2000s Archive

The Quirky Dozen

Originally Published November 2001
Forget competition and cliques. This crew of professional bakers, says Charity Ferreira, just want to figure out the best way to make a really great cake.

Lined up in row after row on a table at the front of the room, the 60 angel food cakes looked more like vague acquaintances than twins or even relatives. There were pumpernickel-brown cakes and cakes as pale as marshmallows. Tall, statuesque cakes sat next to short, stubby cakes. A few sagged in the middle or slouched to one side as if embarrassed by the way they had turned out. Some appeared to have been sandblasted smooth; others had a nubby surface like the nap of a suede jacket.

Despite their stunning differences, though, these cakes all shared one surprising characteristic: Each had been baked by a professional baker following exactly the same recipe.

Most people would find this amazing, not to say discouraging. For the San Francisco-based Baker's Dozen, though, there was nothing in the least disconcerting about the idea that one recipe could produce such wildly disparate results. But, then, this is not just any group. Founded 12 years ago by a handful of bakers, it sprang from a desire to pool experiences. "Baking professionally can be isolating," explains Carolyn Weil, one of the group's founders, who discovered that she wasn't the only one craving fellowship when more than 40 bakers and pastry chefs showed up at the first meeting.

Today, the group is more than 350 strong. Members get together periodically to conduct tastings, perform kitchen experiments, and debate such topics as "technique versus equipment in soft and hard meringues." Appropriately enough for a profession with a reputation for nurturing quixotic solo operatives, the Baker's Dozen is amiably anarchistic. They have no hierarchy, no newsletter, and no regularly scheduled meetings. Low dues make membership accessible to even the most impoverished culinary school grad. And while the Baker's Dozen's mailing list contains the names of luminaries such as Flo Braker and Marion Cunningham, the organization is founded on the premise that even a rank neophyte can make an important contribution, just as the most exalted expert can produce a colossal failure.

"There are no secrets here," says Braker. "We have absolutely no shame. You might think that some of these people never make a mistake, but you wouldn't believe some of the flops!"

Even the most cursory glance at the table provided ample evidence that her pronouncement was more than just rhetoric. Because the army of cakes sitting there had been made from the same quantities of the same ingredients, the assembled bakers soon focused on the issue of technique, specifically on what each had done differently when following the recipe. It became clear that many of the variations in the finished cakes could be attributed to the way in which the bakers had whipped their egg whites. The most successful cakes, those that were light and tender, had been made with soft, droopy whites.

"Think of the egg whites as a bubble," suggested Weil. "You want them at the point where they still have room to expand, not when they are about to pop." Weil's observation sparked an animated discussion on the optimal size and shininess of the bubbles at the side of the mixing bowl, the precise way a dollop of softly whipped white loops back on itself, and the relative merits of using cream of tartar or a copper bowl.

But the assembled bakers did more than just bat the issue around.
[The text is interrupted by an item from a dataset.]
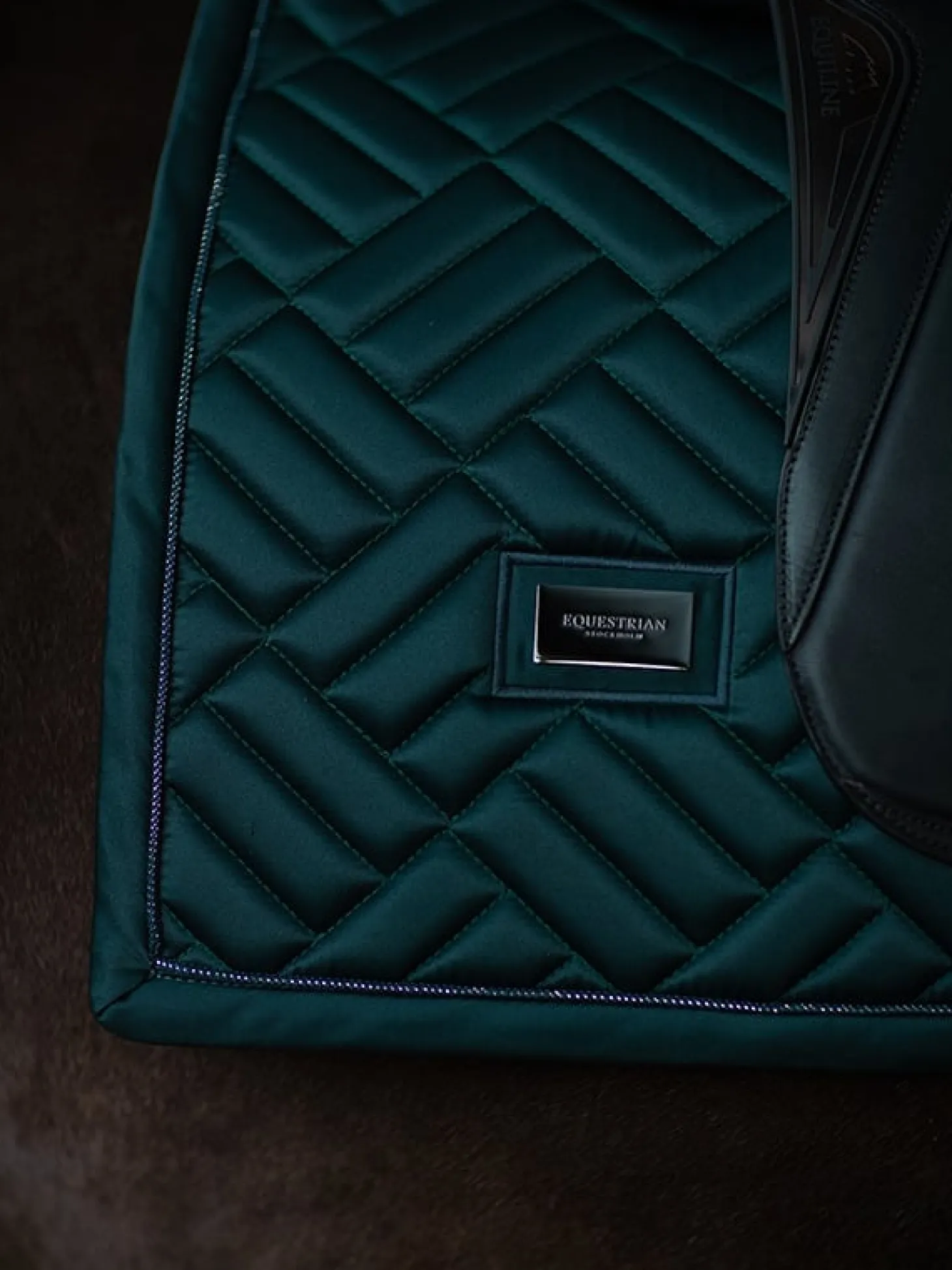Elegante Schabracke mit moderner Steppung in dramatischem Grün mit schwarzen Details. Verziert mit dem Equestrian Stockholm Abzeichen in schwarz. Das Bambusmaterial ist aufgrund seiner thermoregulierenden Wirkung das ganze Jahr über perfekt – kühlend im Sommer und wärmend im Winter. Außerdem ist es schnelltrocknend, feuchtigkeitsableitend und antibakteriell. Kombinieren Sie die Schabracke mit anderen Teilen aus der Dramatic Monday Kollektion für einen stilvollen Look von Kopf bis Fuß.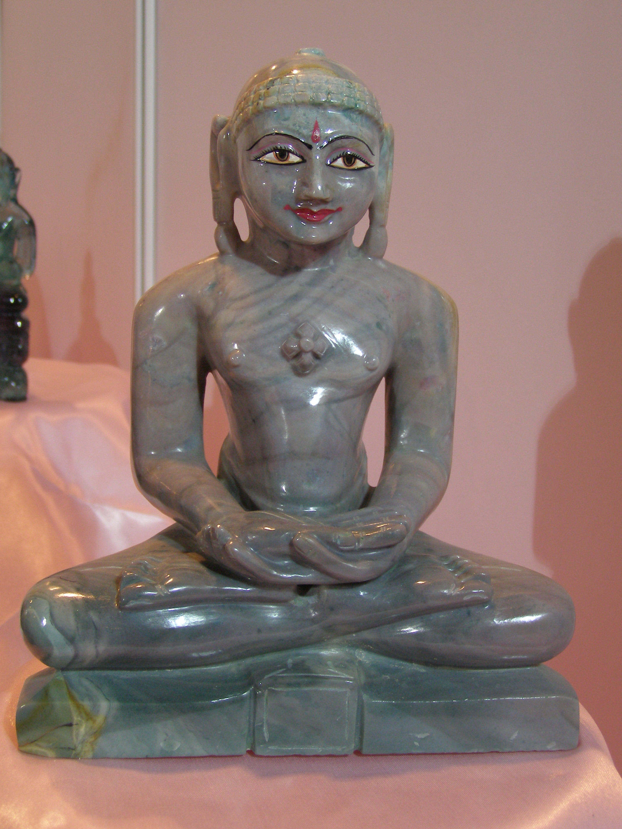 Multicolor bands and patterns in this Ocean wave Jasper. Classic amalgamation of hues carved beautifully into this "Pujyaniya" Tirthankar statue. Very expressive eyes accented with black along with the red "Tilak" and lip color add grace to the face. Body proportions are very well coordinated.

They know from experience that it is one thing to talk about these issues—a process that can make "soft peaks" sound maddeningly glib—but quite another to distill the information so obtained into a recipe that yields consistent results. So, working as a group, they went on to decide how best to fit what they learned that day into a revised version of the original angel food cake recipe.

This more foolproof version is among the recipes included in The Baker's Dozen Cookbook, published this month. Editors include Alice Medrich on chocolate, Lindsey Shere on tarts, and Carol Field, Fran Gage, and Peter Reinhart on bread. Cook¬book author and baking legend Marion Cunningham hopes the book will inspire bakers across the country to form supportive networks based, like the Baker's Dozen, on the exchange of information.

"Our only mission is to learn and pass our knowledge on to others," says Cunningham. "Luckily, we'll never run out of things to learn."

BAKERS' TIPS

Over the years, the Baker's Dozen have investigated everything from brands of baking powder to types of pie thickeners. Here are some of their findings:

  • Regular commercial cream cheese makes a smoother, silkier-textured cheesecake than cream cheese without gums or stabilizers.
  • Cake flour usually makes a light, tender cake, but it is not always the optimum choice. Some cakes, like pound cake and sponge cake, benefit from a slightly sturdier texture.
  • Rumford baking powder imparts no metallic aftertaste to baked goods.
  • Cornstarch and tapioca flour are preferred as pie thickeners because they are clear and set quickly.
  • Tahitian vanilla is nearly undetectable in baked goods but adds a delicate flavor to custards. Madagascar vanilla is better suited to cookies and cakes.
  • In some cases the difference between a chocolate cake and a brownie is just a matter of how you mix the ingredients.
  • The most important discovery: There is more than one right answer. Very good results can often be obtained in several different ways.